The previously described events that allowed adaptive immunity to occur also made immunological memory possible. However, immunological memory is an invariable feature of all adaptive immune responses in all vertebrates that have evolved beyond the hagfish and the lamprey. The reason is that immunological memory confers a tremendous survival advantage, as it confers the ability to respond more rapidly and more effectively to a second and subsequent challenge by the same pathogen. Moreover, the ability to mount an antibody response, and then to maintain it, protects against many infectious agents. In this part of the chapter, we ask why immunological memory is so important to survival of the organisms that have it, and why it has been preserved throughout the time of the vertebrate radiation, of which we humans consider ourselves the model of the finished product.

Immunological memory is the hallmark of adaptive immunity

Immunological memory is the property of remembering specific adaptive immune responses, and making a greater and more rapid response in the future to the same pathogen (see Fig. 1.20). This property had been noted by Thucidydes in his account of the Peloponnesian war and had been taken advantage of medically by, for example, infecting individuals with dried material taken from smallpox lesions, a process known as variolation, after the smallpox virus Variola major. Today we would interpret this as immunization with an attenuated or killed virus, but at the time the process was known, in most cases, only to produce a mild form of the disease that would protect the sufferer from a subsequent infection with a more virulent form. This was used by the Chinese for many centuries, by the Turks to protect their daughter's beauty, and was communicated to England in the diaries of the Lady Mary Wortly Montague. Jenner subsequently introduced vaccination against smallpox by injecting material from cowpox lesions into the skin. He was counting on the oral reports of milkmaids, who said that their excellent complexions, free of the ravages of smallpox, were due to exposure to cowpox. Of course, he knew nothing of the mechanisms of the protection, but the same basic procedure was used up until the late 1970s, when, thanks to the efforts of a large number of field workers, the last case of smallpox was eradicated. This was a field trial for adaptive immunity and immune memory, and it was a spectacular success.
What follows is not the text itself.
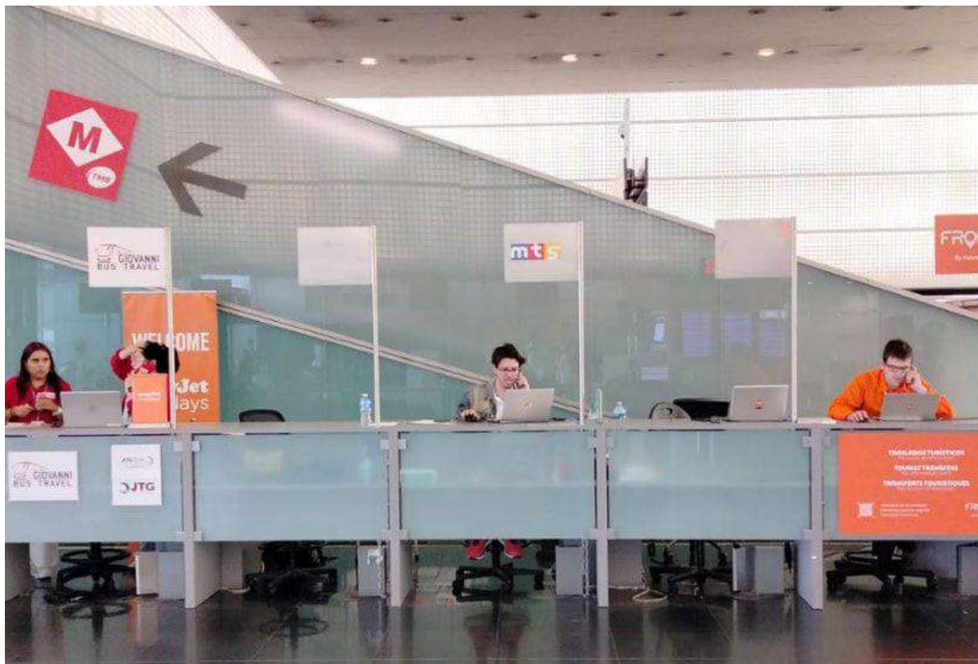
Фото місця зустрічі

ЗВЕРНІТЬ УВАГУ! Якщо ви не використаєте заброньований трансфер, витрати на нього, а також витрати на самостійний трансфер не компенсуються.

When we ask why cowpox should protect against smallpox, and what this tells us about the immune system, we learn that cowpox is closely related to the smallpox virus, sharing some of its antigens, and sets up a state of protective immunity to both viruses. The initial infection with cowpox is mild, and can be contained by the primary response of the immune system, but it sets up the conditions for a more potent secondary response that is now able to control the more virulent smallpox infection. The same lesson can be learnt from vaccination against polio with either the Salk vaccine, which is a formalin-killed vaccine, or the later-developed Sabin vaccine, which is a live attenuated poliovirus that establishes a superficial infection that is eradicated. A worldwide effort is underway to eradicate polio by vaccination. It is in its early stages, and the campaign will undoubtedly take longer to accomplish than for smallpox (see Chapter 1), because several different strains of poliovirus have to be eradicated rather than the single strain of smallpox. There are also questions about the best way to carry out vaccination against polio, and about the safety and efficacy of current vaccine stocks. Nonetheless, the World Health Organization (WHO) is pressing forward with its efforts to eradicate polio from the face of the Earth, and we all hope that it succeeds.

Why does vaccination provide long-term immunity to reinfection? Immunological memory provides the answer. What allows the adaptive immune system to make useful responses to attenuated organisms? It is the development of immunological memory that again makes it possible to think of these effects.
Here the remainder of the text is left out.